● **WHAT IS EXPECTED**: Every line of the data should be written out exactly, with the pictures left out.
--- SUPPLIED DATA ---
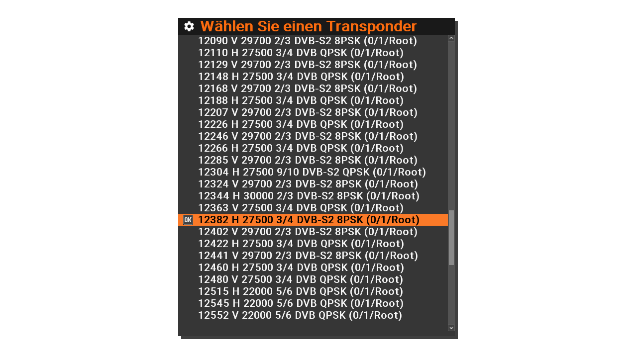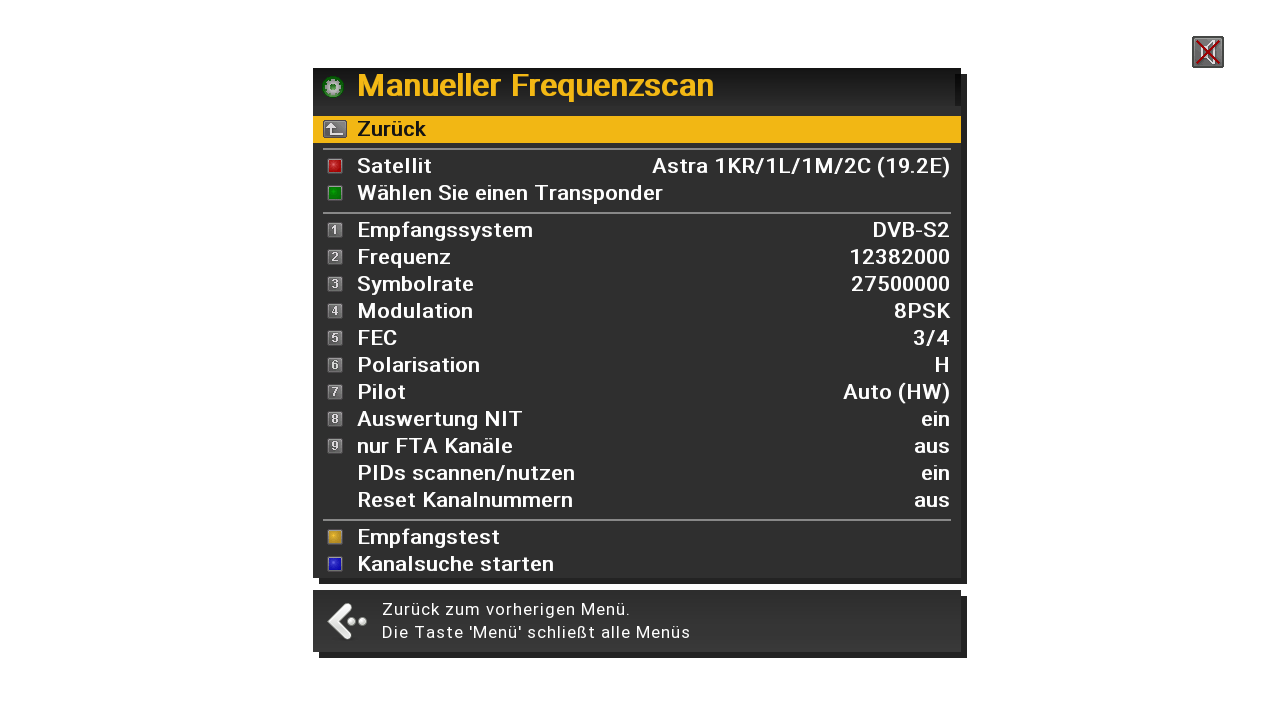 Warum muss ich diese Transponder 12382000 immer "Manueller Frequenzscan"abscannen und endern auf 8psk,3/4?.Warum klappt nicht mit "Automatische Suche".?
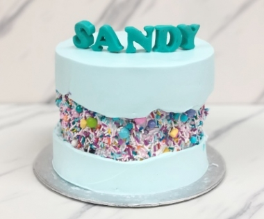 Fault line cakes are cakes that have a crevice in the middle. They’ve gained popularity over the years due to their unique design. Our version is filled with sprinkles that go around the fault line, creating an explosion of colours.
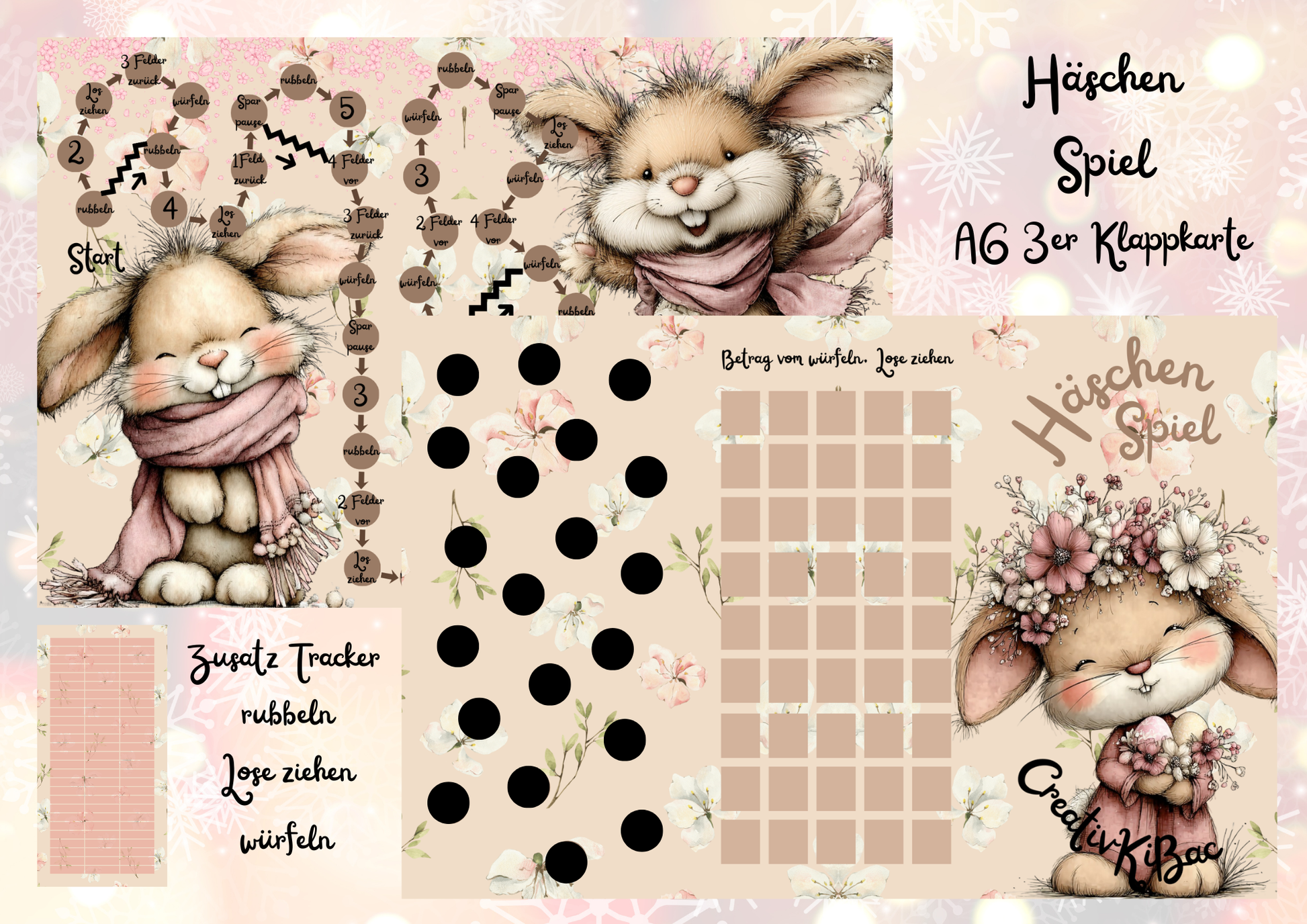 Das Häschen Spiel ist im A6 Format und eine 3er Klappkarte, passend für Hüllen in A6 Format.
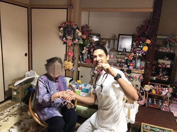 お宅に伺うと、患者さんはとても笑顔になり喜んでいました。中桶先生との会話に更に嬉しそうでした。
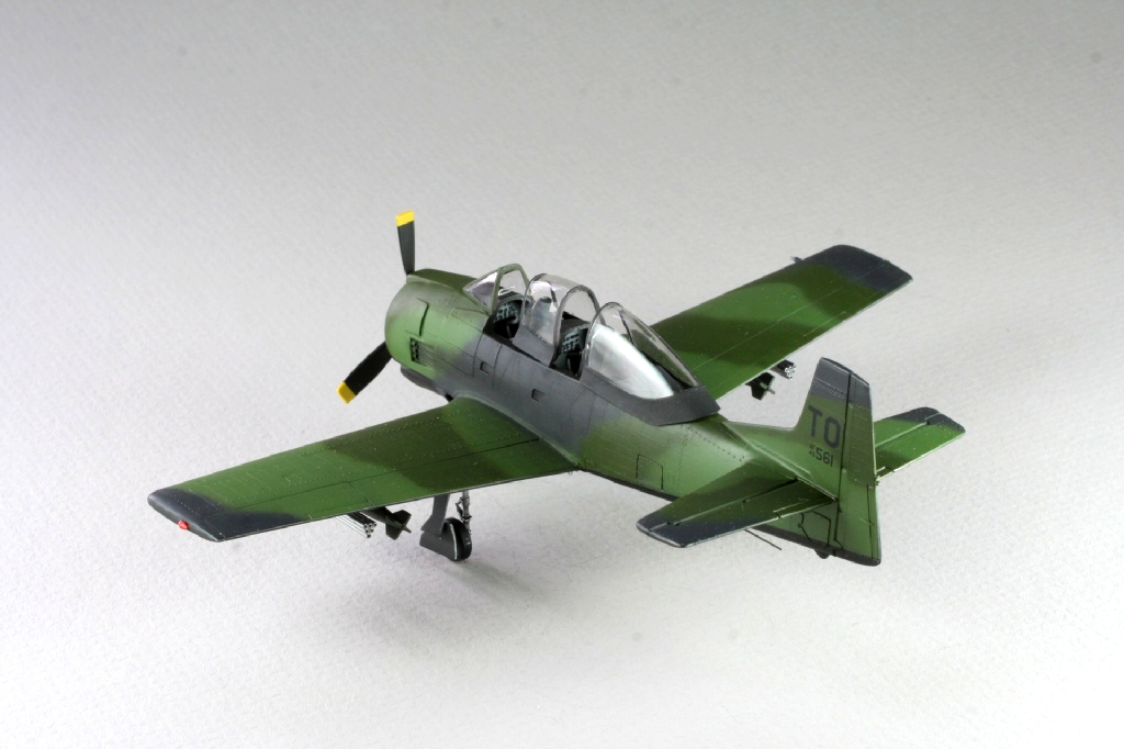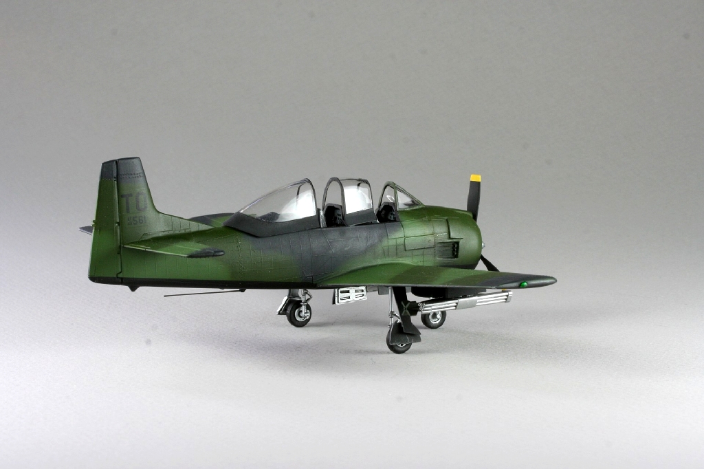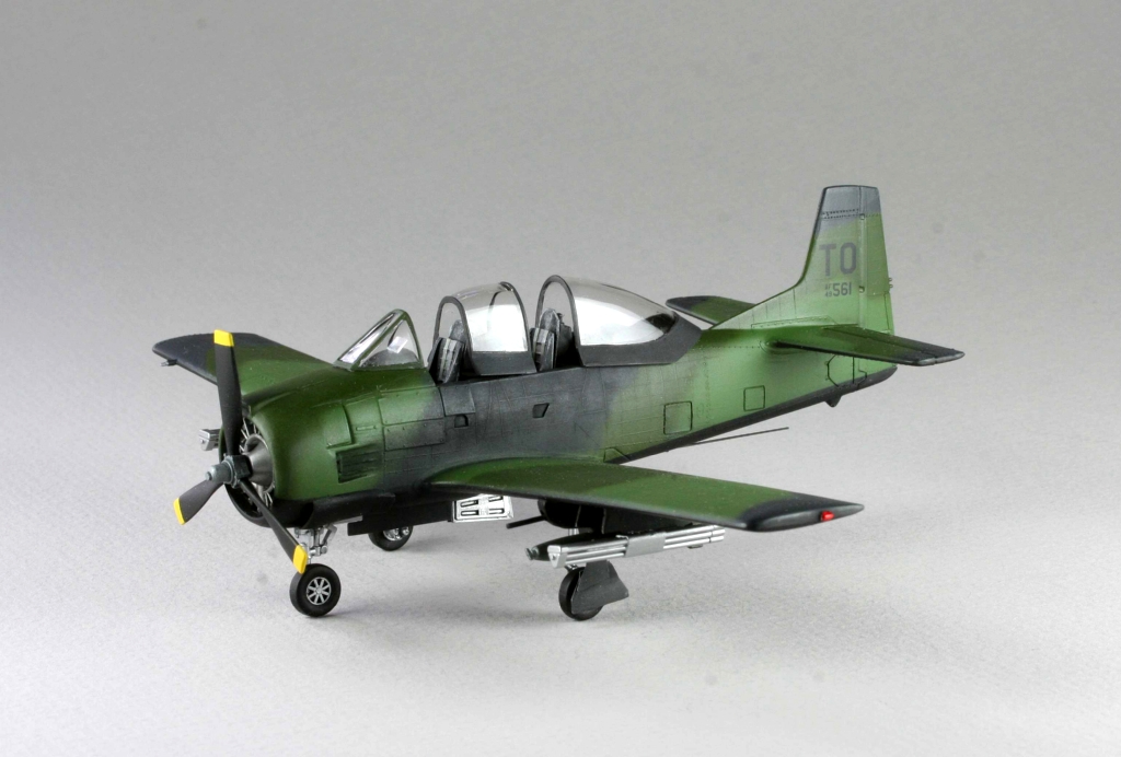 Decals (two on each side of the vertical stab) are from Wolfpak sheet 72-044 (Thunder and LITENING), marking the Trojan as an aircraft from the 606th Air Commando Squadron, Nakon Phanom (NKP) Royal Thai Air Force Base, Thailand, 1967-68. Per the Wolfpak info sheet, these aircraft, using the callsign “ZORRO,” worked nights above the Ho Chi Minh trail; their specialty was southbound trucking.
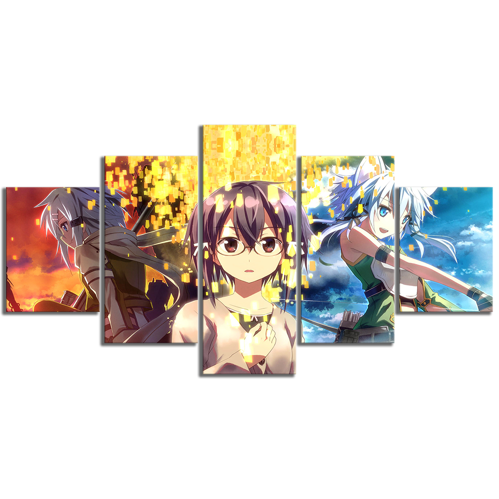 - Stunning 5-panel Sword Art Online Anime Canvas Print, an excellent choice to revamp any wall space with a pop of color and animation.
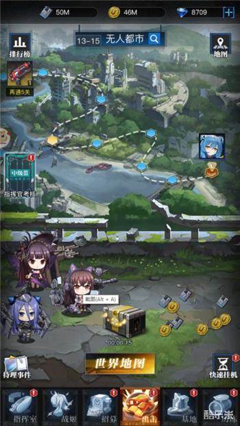 9个地图板块,分普通、困难、噩梦。推完全部普通的关卡才能去困难。推图、练级,玩法功能预告都在这块
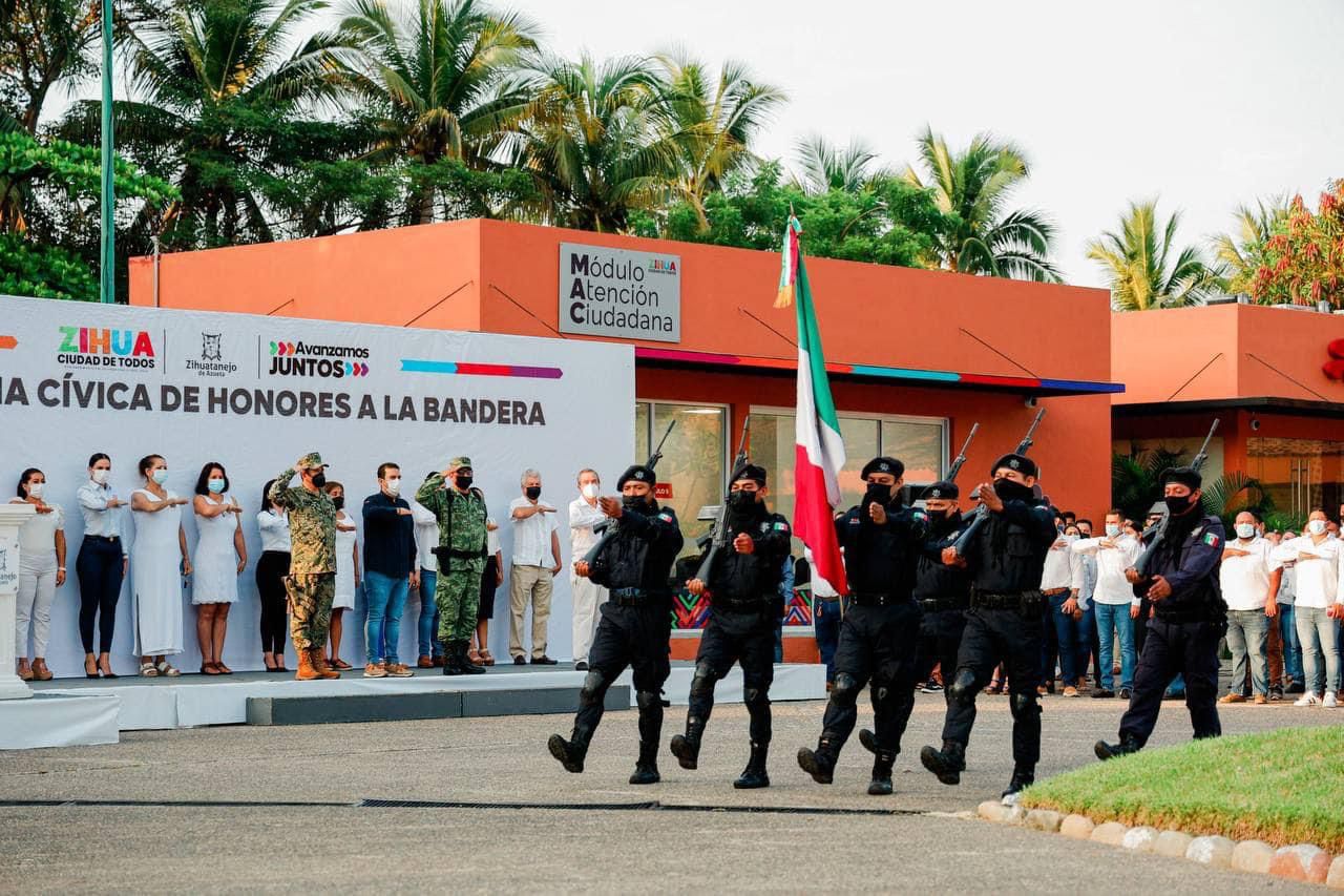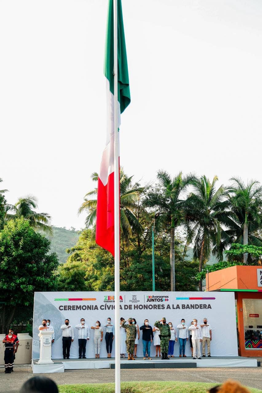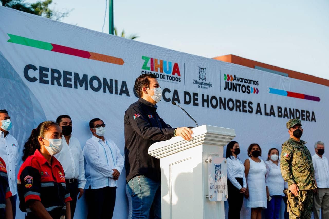 Al encabezar este lunes la ceremonia cívica de Honores a la Bandera Nacional correspondiente al mes de agosto de 2022, que se desarrolló en la explanada municipal y a la que asistieron autoridades militares y del Estado, la presidenta honoraria del DIF Zihuatanejo, Lizette Tapia Castro, integrantes del Cabildo, funcionarios y trabajadores del Ayuntamiento, el presidente Jorge Sánchez Allec afirmó que “la salud de los habitantes del municipio es y seguirá siendo una de nuestras prioridades”.
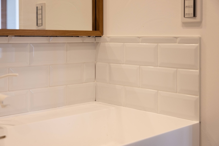 内部壁 :○ 内部床:× 外部壁 :○ 外部床 :× 防滑性 :△ 面取りされた光沢のあるホワイトコーティング。表面はすべて本磨きで、高級感を演出します※貼り:突きつけは不可です。
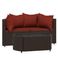 Set mobilier de grădină cu perne, 3 piese, maro, poliratan
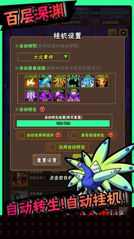 角色达到一定强度后可进行转生,重置部分进度并获取永久性属性加成,开启新一轮更具挑战性的成长循环。
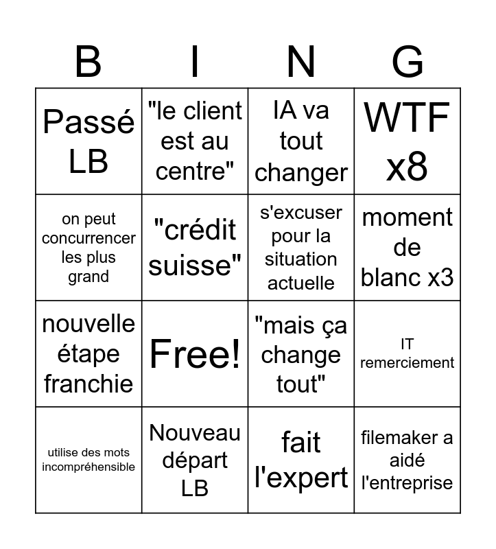This bingo card has 16 words: Nouveau départ LB, IT remerciement, IA va tout changer, Passé LB, nouvelle étape franchie, "le client est au centre", "mais ça change tout", fait l'expert, on peut concurrencer les plus grand, "crédit suisse", utilise des mots incompréhensible, WTF x8, Free!, moment de blanc x3, s'excuser pour la situation actuelle and filemaker a aidé l'entreprise.
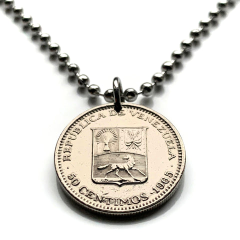 1965 Venezuela 50 Céntimos coin pendant necklace jewelry Simón Bolívar white horse Palomo Caracas Maracaibo Valencia pendant Barquisimeto Ciudad Guayana Maturín Barcelona Maracay Cumaná Barinas Miranda San Cristóbal n000480
---
● **RESPONSE BOX**:
 Warum muss ich diese Transponder 12382000 immer "Manueller Frequenzscan"abscannen und endern auf 8psk,3/4?.Warum klappt nicht mit "Automatische Suche".?
 Fault line cakes are cakes that have a crevice in the middle. They’ve gained popularity over the years due to their unique design. Our version is filled with sprinkles that go around the fault line, creating an explosion of colours.
 Das Häschen Spiel ist im A6 Format und eine 3er Klappkarte, passend für Hüllen in A6 Format.
 お宅に伺うと、患者さんはとても笑顔になり喜んでいました。中桶先生との会話に更に嬉しそうでした。
 Decals (two on each side of the vertical stab) are from Wolfpak sheet 72-044 (Thunder and LITENING), marking the Trojan as an aircraft from the 606th Air Commando Squadron, Nakon Phanom (NKP) Royal Thai Air Force Base, Thailand, 1967-68. Per the Wolfpak info sheet, these aircraft, using the callsign “ZORRO,” worked nights above the Ho Chi Minh trail; their specialty was southbound trucking.
 - Stunning 5-panel Sword Art Online Anime Canvas Print, an excellent choice to revamp any wall space with a pop of color and animation.
 9个地图板块,分普通、困难、噩梦。推完全部普通的关卡才能去困难。推图、练级,玩法功能预告都在这块
 Al encabezar este lunes la ceremonia cívica de Honores a la Bandera Nacional correspondiente al mes de agosto de 2022, que se desarrolló en la explanada municipal y a la que asistieron autoridades militares y del Estado, la presidenta honoraria del DIF Zihuatanejo, Lizette Tapia Castro, integrantes del Cabildo, funcionarios y trabajadores del Ayuntamiento, el presidente Jorge Sánchez Allec afirmó que “la salud de los habitantes del municipio es y seguirá siendo una de nuestras prioridades”.
 内部壁 :○ 内部床:× 外部壁 :○ 外部床 :× 防滑性 :△ 面取りされた光沢のあるホワイトコーティング。表面はすべて本磨きで、高級感を演出します※貼り:突きつけは不可です。
 Set mobilier de grădină cu perne, 3 piese, maro, poliratan
 角色达到一定强度后可进行转生,重置部分进度并获取永久性属性加成,开启新一轮更具挑战性的成长循环。
This bingo card has 16 words: Nouveau départ LB, IT remerciement, IA va tout changer, Passé LB, nouvelle étape franchie, "le client est au centre", "mais ça change tout", fait l'expert, on peut concurrencer les plus grand, "crédit suisse", utilise des mots incompréhensible, WTF x8, Free!, moment de blanc x3, s'excuser pour la situation actuelle and filemaker a aidé l'entreprise.
 1965 Venezuela 50 Céntimos coin pendant necklace jewelry Simón Bolívar white horse Palomo Caracas Maracaibo Valencia pendant Barquisimeto Ciudad Guayana Maturín Barcelona Maracay Cumaná Barinas Miranda San Cristóbal n000480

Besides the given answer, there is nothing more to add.